Figure 3a illustrates the transformation of node content, which incorporates three different types of information to better represent the code’s execution logic, data dependencies, and syntactic structure. By projecting different types of nodes into the same vector space, linear transformations are applied to each node type:

h_{u}^{'} = W_{A} \cdot f_{u}^{A}

(4)

where

f_{u}^{A} \in R^{d A}

is the original feature vector, and

h_{u}^{'} \in R^{d}

is the projection of node u.

W_{A}

represents the parameter weight matrix. This ensures that all nodes in the graph have similar vector representations. The metapath, which is constructed on the basis of the functional program graph, helps facilitate the subsequent aggregation process.

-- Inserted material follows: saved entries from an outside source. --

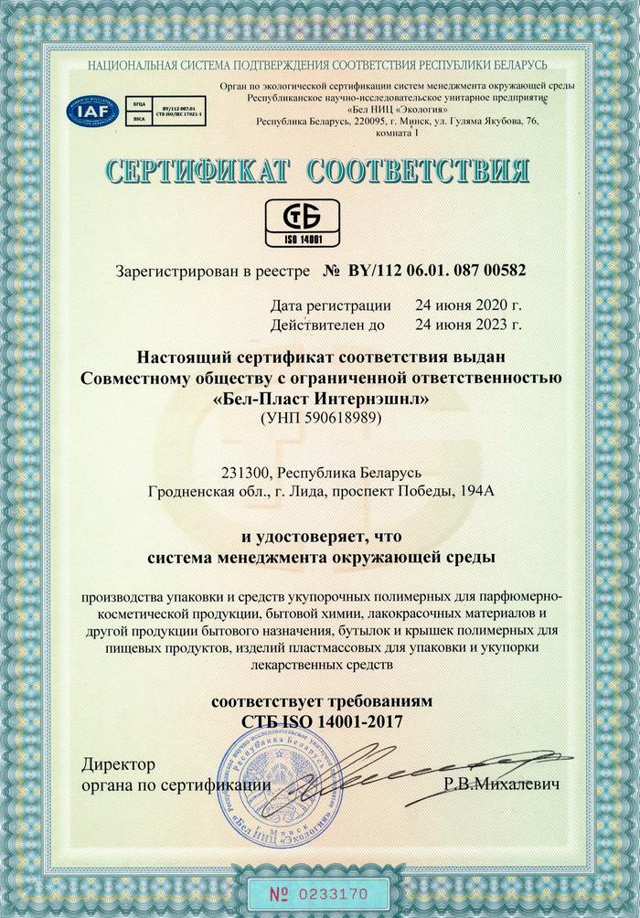 СООО «Бел-Пласт Интернэшнл» в очередной раз успешно подтвердило сертификат соответствия на систему менеджмента окружающей среды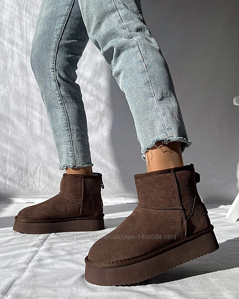 Низькі уггі з натуральної замші на платформі. Підошва легка, холодостійка. Зміцнена пятка, дуже добре тримає форму, не буде скошуватись. Найкраще взуття для зими. Дуже зручно та тепло, класна якість за доступною інтернет-ціною.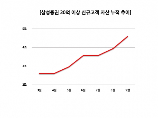 삼성증권 30억 이상 신규고객 자산 누적 추이
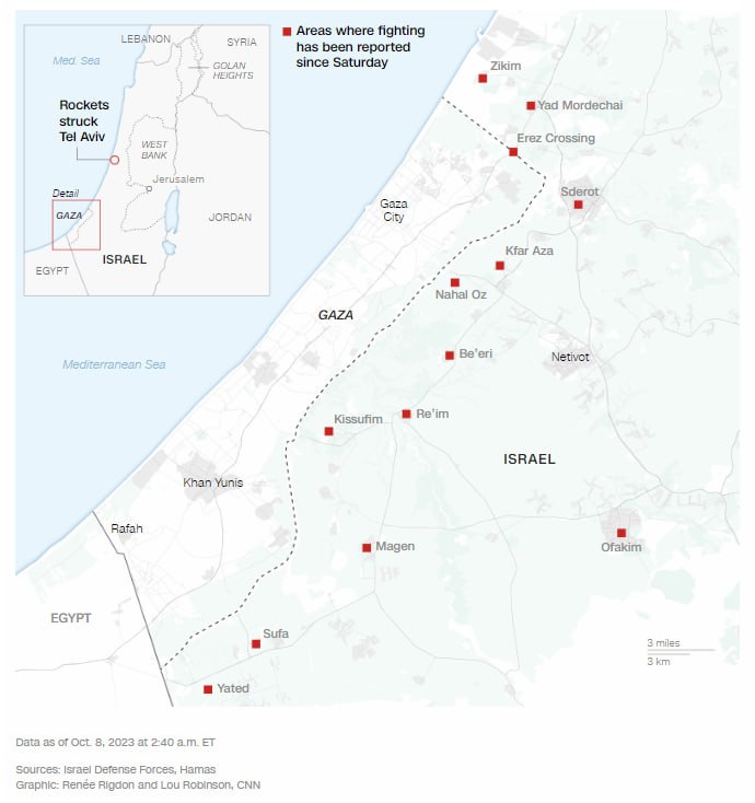 ចំណុចក្រហម ជាតំបន់ប្រយុទ្ធរវាងក្រុមហាម៉ាស់នៃប្រទេសប៉ាឡេស្ទីន និងកងទ័ពអ៉ីស្រាអែល អំឡុងថ្ងៃទី៧-៨ តុលា ២០២៣One-Minuteព័ត៌មានអន្តរជាតិអត្ថបទដោយ៖AMS OneMinute – CNN #ams1minute AMS OneMinuteអត្ថបទមុនអត្ថបទបន្ទាប់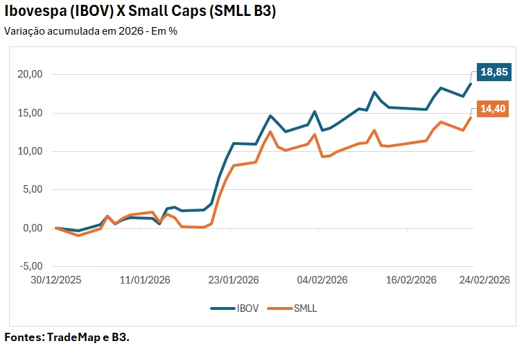 Essa leitura é reforçada por um levantamento do TradeMap feito a pedido do Times Brasil — Licenciado Exclusivo CNBC. No acumulado de 2026 até 24 de fevereiro, o Ibovespa B3 subiu 18,85%, enquanto o índice de Small Caps (SMLL) avançou 14,4%. A diferença de 4,45 pontos percentuais sugere que, até aqui, a alta tem sido mais capturada pelas ações de maior peso e liquidez.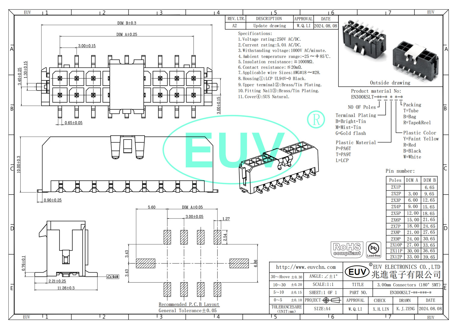 3.0mm間距 雙排立式貼片 帶扣 線對(duì)板連接器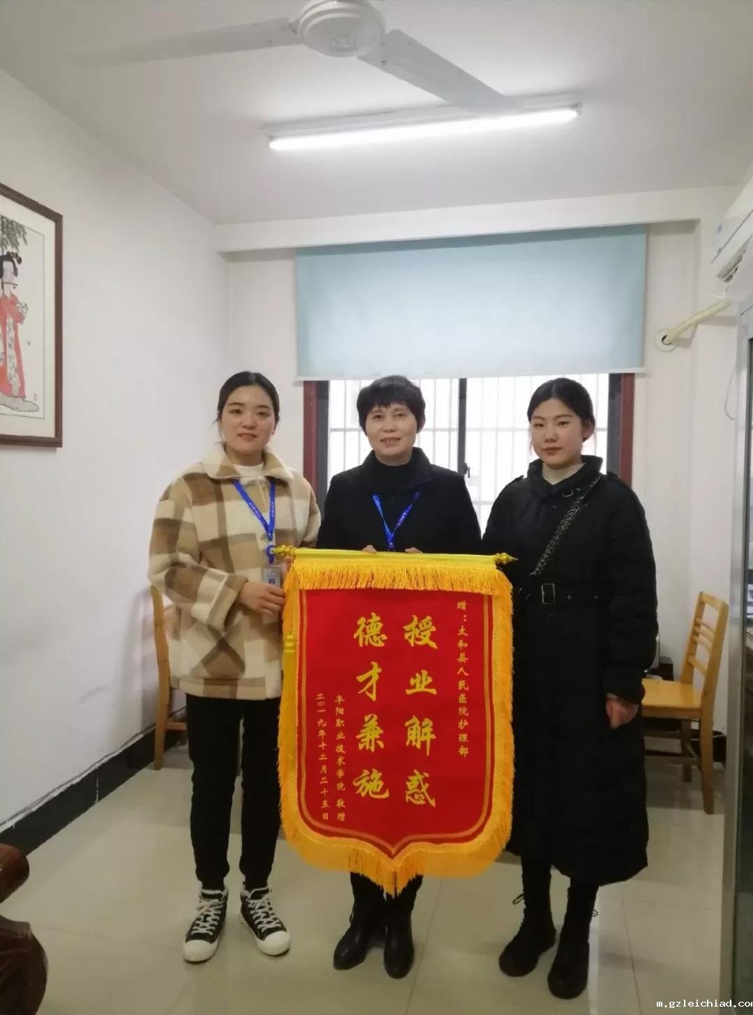 12月25日,淮南职业技术学院、阜阳职业技术学院的实习护士将两面锦旗送至伟德betvlctor官网入口护理部,对着护理部主任周立恒和副主任张彩侠说:“太感谢医院提供的学习平台了,让我们能够潜心学习,还有带教老师对我们的关心、培养和辛勤教导,我们每个人都感动在心!”

The metapath consists of node types and edge types. Nodes can represent code statements, function calls, and other elements, whereas edge types include control flow edges, data dependency edges, and syntactic structure edges. A metapath can be described as a path containing complex relationships, with a starting node

A_{1}

and an ending node

A_{k + 1}

.

After feature preprocessing, the method constructs, for each metapath

P \in Φ_{X}

and each node v, a metapath-based local context

S_{v}^{P}

. This context is formally defined as follows: given a heterogeneous graph G and a metapath P, the local subgraph centered at node u on metapath P is denoted by

S_{u}^{P} = (U_{u}^{P}, E_{u}^{P})

, where the edge

(u_{1}, u_{2}) \in E_{u}^{P}

if and only if this edge belongs to a metapath instance starting from node u following P in the original graph G. Specifically,

S_{u}^{P}

includes all nodes connected to u via metapath P and their corresponding edges.

The metapath-based local context

S_{v}^{P}

captures the relationships between the target node v and its neighbors as induced by the metapath P. This approach effectively addresses the information loss caused by missing intermediate nodes in metapaths within the HAN model, while simultaneously reducing redundant computations arising from overlapping metapaths in MAGNN.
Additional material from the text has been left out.